The advantage of binary search tree over other data structures is that the time complexity of search and insertion is low, which is O (log ⁡ n). Binary lookup tree is a basic data structure, which is used to build more abstract data structures, such as sets, multiple sets, associative arrays and so on.  ##### Binary balanced tree AVL

The depth of left and right subtrees shall not exceed 1

Either it is an empty tree, or the absolute value of the depth difference between the left and right subtrees of its root node does not exceed 1;

Its left and right subtrees are also balanced binary trees;

The balance factor of a binary tree node is defined as the depth of the left subtree minus the depth of the right subtree. Then the balance factor of all nodes of the balanced binary tree can only be - 1,0,1. ##### Red black tree (RBT)

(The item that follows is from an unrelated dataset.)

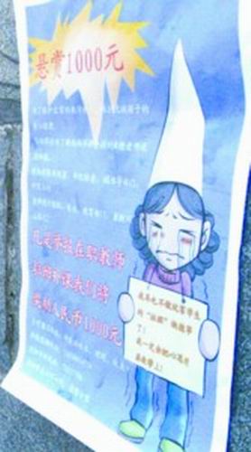 圖中有兩個(gè)圖案很“刺眼”:一個(gè)是黃色的爆炸圖形上寫著“懸賞1000元”;另一個(gè)是占到整張舉報(bào)告示近一半面積的女教師形象。

RED BLACK tree is a binary search tree. It adds a storage bit to each node to record the color of the node, which can be RED or BLACK; Through the color constraint on any simple path from root to leaf, the RED BLACK tree ensures that the longest path does not exceed twice the shortest path, so it is approximately balanced.

• Each node is either red or black. (red or black)
• The root node is black. (root black)
• Each leaf node (leaf node refers to NIL pointer or NULL node at the end of the tree) is black. (leaf black)
• If a node is red, its two sons are black. (red black)
• For any node, each path to the NIL pointer at the end of the leaf node tree contains the same number of black nodes. (same as black under the path)
• When adding a node, it is a red node by default. If its parent is a black node, it will be added directly. If it is red, adjust the number of black nodes in the subtree

[the external chain image transfer fails. The source station may have an anti-theft chain mechanism. It is recommended to save the image and upload it directly (img-bc2jmvUt-1609394285768)(D:\documents\study_note \ algorithm and data structure \ red black tree. png)]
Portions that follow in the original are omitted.